I taught it to thousands of people for nearly a decade, both in my job at Google and when I went independent back in 2018. I found a lot of purpose, joy, and hope in the practice: leaning into empathy, tapping into our creative potential, and solving problems by really tuning into human experiences. It felt uplifting, and, back in 2012 when I discovered it, it completely reoriented my career.

The flaws of design thinking
But over the years, I started seeing its limits.
Design thinking encourages us to start with listening, with the end goal of landing at that supposedly "perfect" mix of innovation: viability, feasibility, and desirability.

But, among its many flaws, it doesn’t teach us how to interrogate power:
- Who is actually doing the listening (dominant groups)
- Whose insights and ideas are "listened" to (or rather, who they are extracted from)
- How we "objectively" interpret what we "hear" (what's so neutral about implicit bias and stereotypes?)
- How we define problems we solve for (ignoring their structural nature, shifting blame to individuals, and evading accountability)
- What norms we uphold when we design (Western, Eurocentric & colonial ones)

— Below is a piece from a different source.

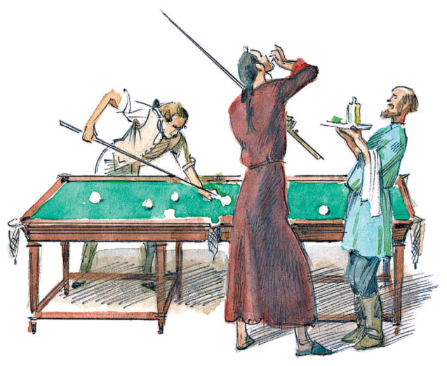 В ту же ночь приехал я в Симбирск, где должен был пробыть сутки для закупки нужных вещей, что и было поручено Савельичу. Я остановился в трактире. Савельич с утра отправился по лавкам. Соскуча глядеть из окна на грязный переулок, я пошёл бродить по всем комнатам. Вошед в биллиардную, увидел я высокого барина лет тридцати пяти, с длинными чёрными усами, в халате, с киём в руке и с трубкой в зубах. Он играл с маркёром[11], который при выигрыше выпивал рюмку водки, а при проигрыше должен был лезть под биллиард на четвереньках. Я стал смотреть на их игру. Чем долее она продолжалась, тем прогулки на четвереньках становились чаще, пока наконец маркёр остался под биллиардом. Барин произнёс над ним несколько сильных выражений в виде надгробного слова и предложил мне сыграть партию. Я отказался по неумению. Это показалось ему, по-видимому, странно. Он поглядел на меня как бы с сожалением; однако мы разговорились. Я узнал, что его зовут Иваном Ивановичем Зуриным, что он ротмистр гусарского полку[12] и находится в Симбирске при приёме рекрут, а стоит в трактире. Зурин пригласил меня отобедать с ним вместе чем бог послал, по-солдатски. Я с охотою согласился. Мы сели за стол. Зурин пил много и потчевал и меня, говоря, что надобно привыкать ко службе; он рассказывал мне армейские анекдоты, от которых я со смеху чуть не валялся, и мы встали из-за стола совершенными приятелями. Тут вызвался он выучить меня играть на биллиарде. «Это, – говорит он, – необходимо для нашего брата служивого. В походе, например, придёшь в местечко – чем прикажешь заняться? Ведь не всё же бить жидов. Поневоле пойдёшь в трактир и станешь играть на биллиарде; а для того надобно уметь играть!» Я совершенно был убеждён и с большим прилежанием принялся за учение. Зурин громко ободрял меня, дивился моим быстрым успехам и, после нескольких уроков, предложил мне играть в деньги, по одному грошу, не для выигрыша, а так, чтоб только не играть даром, что, по его словам, самая скверная привычка. Я согласился и на то, а Зурин велел подать пуншу и уговорил меня попробовать, повторяя, что к службе надобно мне привыкать; а без пуншу что и служба! Я послушался его. Между тем игра наша продолжалась. Чем чаще прихлёбывал я от моего стакана, тем становился отважнее. Шары поминутно летали у меня через борт; я горячился, бранил маркёра, который считал бог ведает как, час от часу умножал игру, словом – вёл себя, как мальчишка, вырвавшийся на волю. Между тем время прошло незаметно. Зурин взглянул на часы, положил кий и объявил мне, что я проиграл сто рублей. Это меня немножко смутило. Деньги мои были у Савельича. Я стал извиняться. Зурин меня прервал: «Помилуй! Не изволь и беспокоиться. Я могу и подождать, а покамест поедем к Аринушке».

- Who truly benefits from our solutions (dominant groups and powerful institutions)
- The "we" and "our" in all of the above (back to dominant groups, see a pattern?)
I’ve watched design thinking fall short and cause more harm in many spaces where folks intend to do "good."
Mostly because it centers individualism, racial capitalism, and saviorism—repackaged as “creative confidence” or "social innovation." And because it aims to “solve” without acknowledging or fully understanding what's at the root of many "problems": oppressive systems.
That’s why I no longer teach it.
An alternative to design thinking
In the past years, I've been building something that responds to the gaps I witnessed and experienced.
A methodology rooted in justice, systems thinking, and liberatory practice. A design practice and ethos that invites reflection, repair, and co-design, and not just iteration.
I call it design changemaking.
It’s not "the" answer. It’s one of many pathways we can take to design in service of liberation and collective well-being. But it’s the path I’ve committed to—in my own work and for the communities I care about.